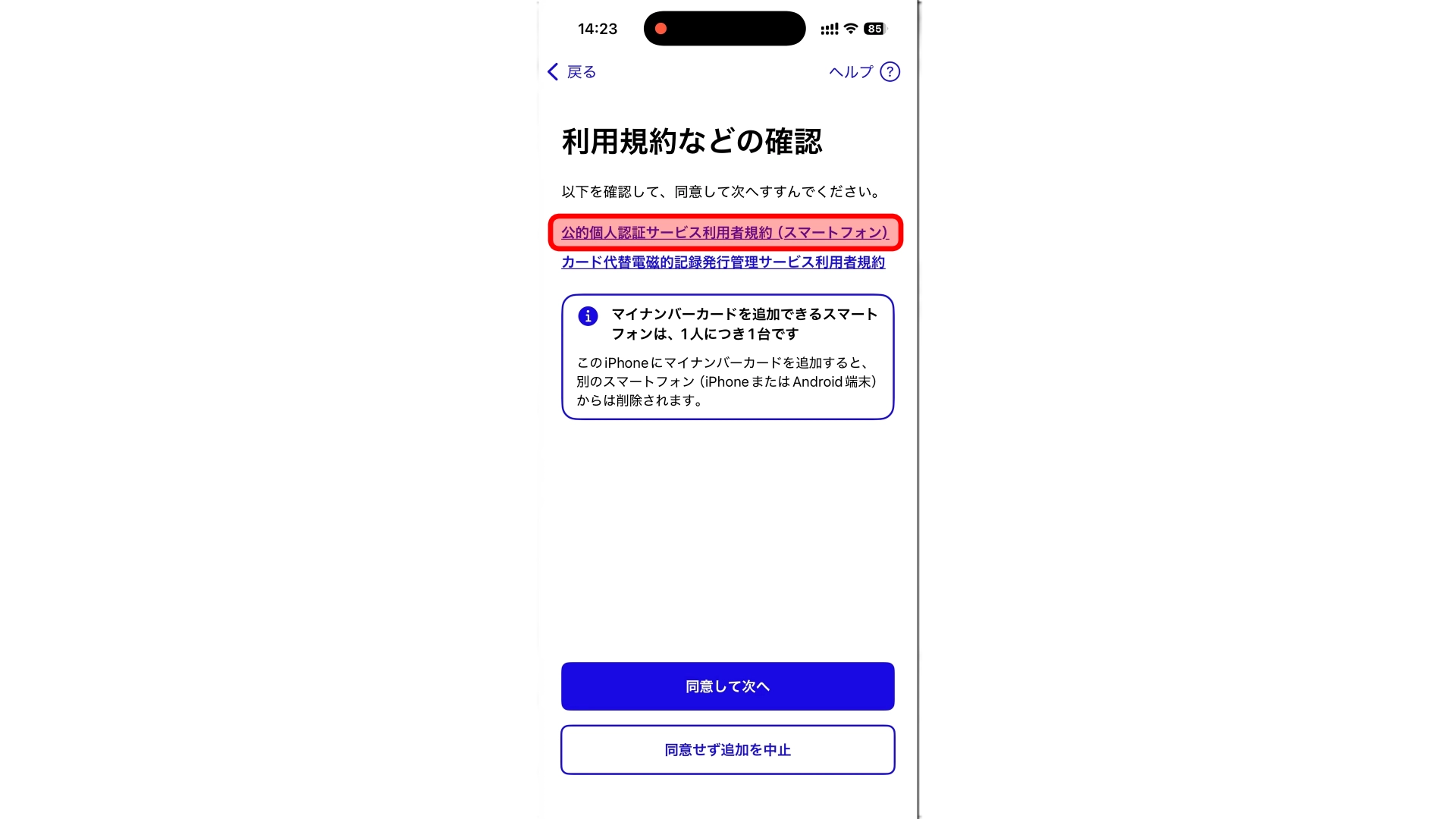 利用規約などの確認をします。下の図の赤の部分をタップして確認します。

--

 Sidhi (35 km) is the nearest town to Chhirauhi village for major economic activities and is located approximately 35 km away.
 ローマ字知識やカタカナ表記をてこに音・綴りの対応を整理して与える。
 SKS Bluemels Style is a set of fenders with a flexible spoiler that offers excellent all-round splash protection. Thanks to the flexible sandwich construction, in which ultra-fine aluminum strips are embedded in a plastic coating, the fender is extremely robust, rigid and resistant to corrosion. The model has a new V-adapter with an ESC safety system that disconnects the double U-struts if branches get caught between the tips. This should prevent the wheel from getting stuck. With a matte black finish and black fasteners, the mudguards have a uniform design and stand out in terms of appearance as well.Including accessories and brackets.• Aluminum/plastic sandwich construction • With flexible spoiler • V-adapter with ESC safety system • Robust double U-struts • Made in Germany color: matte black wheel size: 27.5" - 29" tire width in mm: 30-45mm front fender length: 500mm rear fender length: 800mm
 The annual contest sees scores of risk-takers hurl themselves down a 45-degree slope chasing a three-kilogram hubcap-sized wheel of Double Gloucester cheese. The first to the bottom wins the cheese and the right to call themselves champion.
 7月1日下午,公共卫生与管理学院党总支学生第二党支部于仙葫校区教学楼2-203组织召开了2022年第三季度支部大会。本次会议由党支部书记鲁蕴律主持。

= Description of the task =
Look above for the line with "The annual contest" and the line with "7月1日下午,公共卫生与管理"; transcribe both and all lines in between, exactly, and nothing else.

= Task output =
 The annual contest sees scores of risk-takers hurl themselves down a 45-degree slope chasing a three-kilogram hubcap-sized wheel of Double Gloucester cheese. The first to the bottom wins the cheese and the right to call themselves champion.
 7月1日下午,公共卫生与管理学院党总支学生第二党支部于仙葫校区教学楼2-203组织召开了2022年第三季度支部大会。本次会议由党支部书记鲁蕴律主持。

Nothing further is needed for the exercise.